* **Extracted records**
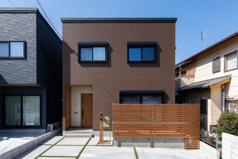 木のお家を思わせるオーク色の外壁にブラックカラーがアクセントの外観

---

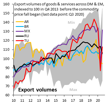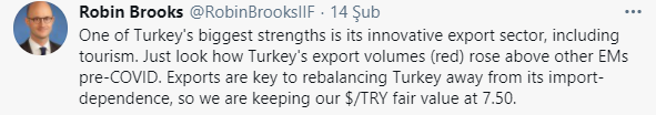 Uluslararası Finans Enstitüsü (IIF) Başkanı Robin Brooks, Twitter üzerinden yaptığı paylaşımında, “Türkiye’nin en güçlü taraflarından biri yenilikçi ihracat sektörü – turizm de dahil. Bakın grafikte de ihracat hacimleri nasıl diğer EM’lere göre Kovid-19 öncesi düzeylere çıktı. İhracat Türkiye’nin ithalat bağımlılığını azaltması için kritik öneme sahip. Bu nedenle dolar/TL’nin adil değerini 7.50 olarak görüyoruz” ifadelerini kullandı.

--

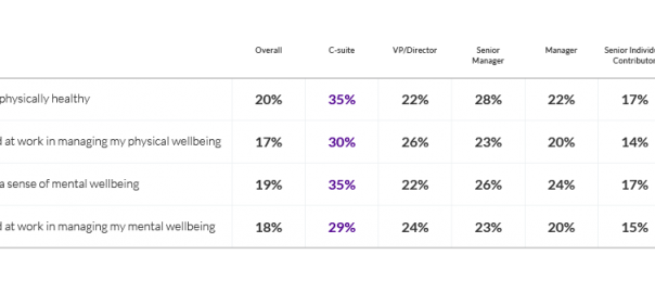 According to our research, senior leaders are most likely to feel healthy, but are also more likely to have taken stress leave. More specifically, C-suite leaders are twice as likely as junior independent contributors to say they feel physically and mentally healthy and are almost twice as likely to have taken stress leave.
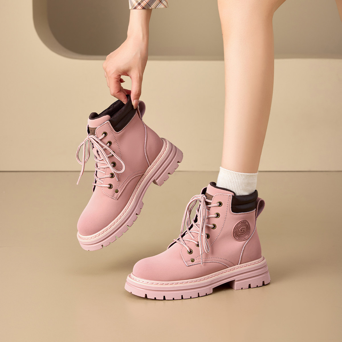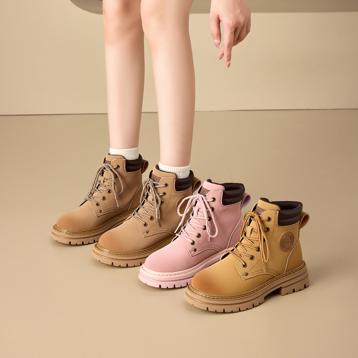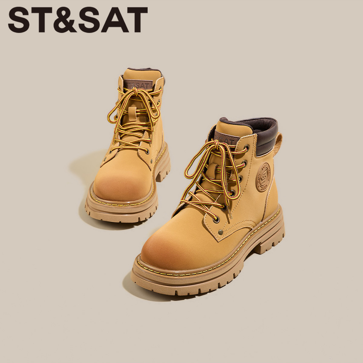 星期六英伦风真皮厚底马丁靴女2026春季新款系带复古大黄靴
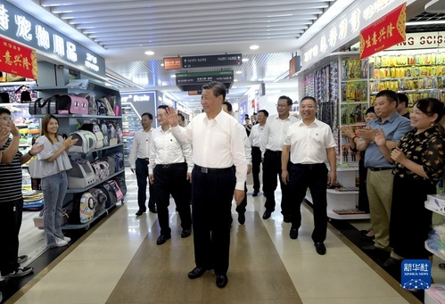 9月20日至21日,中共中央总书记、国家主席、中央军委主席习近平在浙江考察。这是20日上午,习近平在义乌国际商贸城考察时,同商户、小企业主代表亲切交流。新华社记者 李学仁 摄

* **Your goal**
Look above for the line with "According to our" and the line with "星期六英伦风真皮厚底马丁靴女2026春季新款系带复古大黄靴", then restate exactly those two lines and all lines between them, with no pictures.

* **Exercise output**
 According to our research, senior leaders are most likely to feel healthy, but are also more likely to have taken stress leave. More specifically, C-suite leaders are twice as likely as junior independent contributors to say they feel physically and mentally healthy and are almost twice as likely to have taken stress leave.
 星期六英伦风真皮厚底马丁靴女2026春季新款系带复古大黄靴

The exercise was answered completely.